The CryoKey plugin for WordPress contains a reflected cross‑site scripting vulnerability in the 'ckemail' parameter due to insufficient input sanitization and output escaping. An unauthenticated attacker can embed arbitrary JavaScript into a crafted URL, which will execute in the victim’s browser if the user clicks the link. While the flaw does not grant direct code execution or administrative privileges, it allows attackers to steal session cookies, deface content, or load malicious payloads, thereby compromising user confidentiality and integrity.

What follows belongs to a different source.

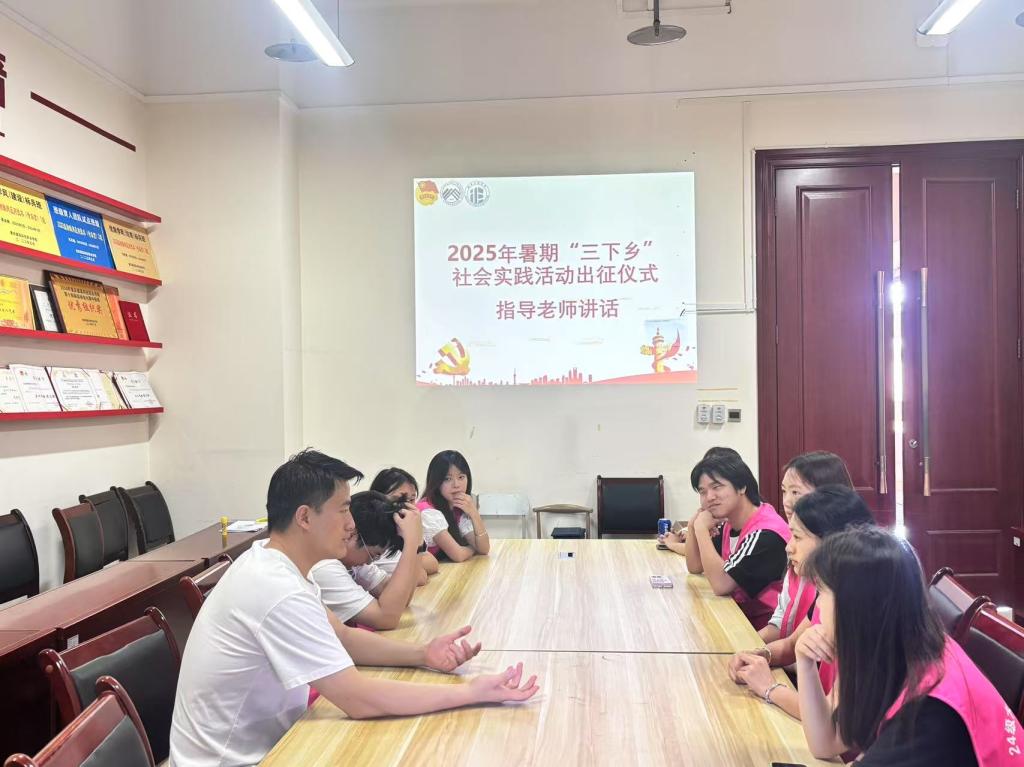 2025年7月4日beat365官方网站数字工程学院2025年暑假“三下乡”社会实践活动出征仪式在笃学楼3512会议室成功举行。数字工程学院团总支・学生会书记樊得旺老师出席仪式,为实践团队作动员讲话,学院全体实践团队成员参与本次仪式。

This vulnerability affects the CryoKey plugin for WordPress, specifically all releases up to and including version 2.4. Systems running these plugin versions, regardless of the host WordPress installation, are susceptible to the flaw.

The CVSS score of 4.7 categorizes the issue as low to moderate severity, and an EPSS score of less than 1% indicates a very low probability of exploitation in the wild. The vulnerability is not listed in the CISA KEV catalog, reflecting its limited exposure. Attackers can exploit the flaw without authentication, but the vector requires social engineering: a malicious link must be clicked by a user who has access to a page that passes the 'ckemail' value to the vulnerable plugin. An attacker could hijack sessions, deliver malware, or compromise user accounts, but the attack is limited to the browsers that load the compromised content.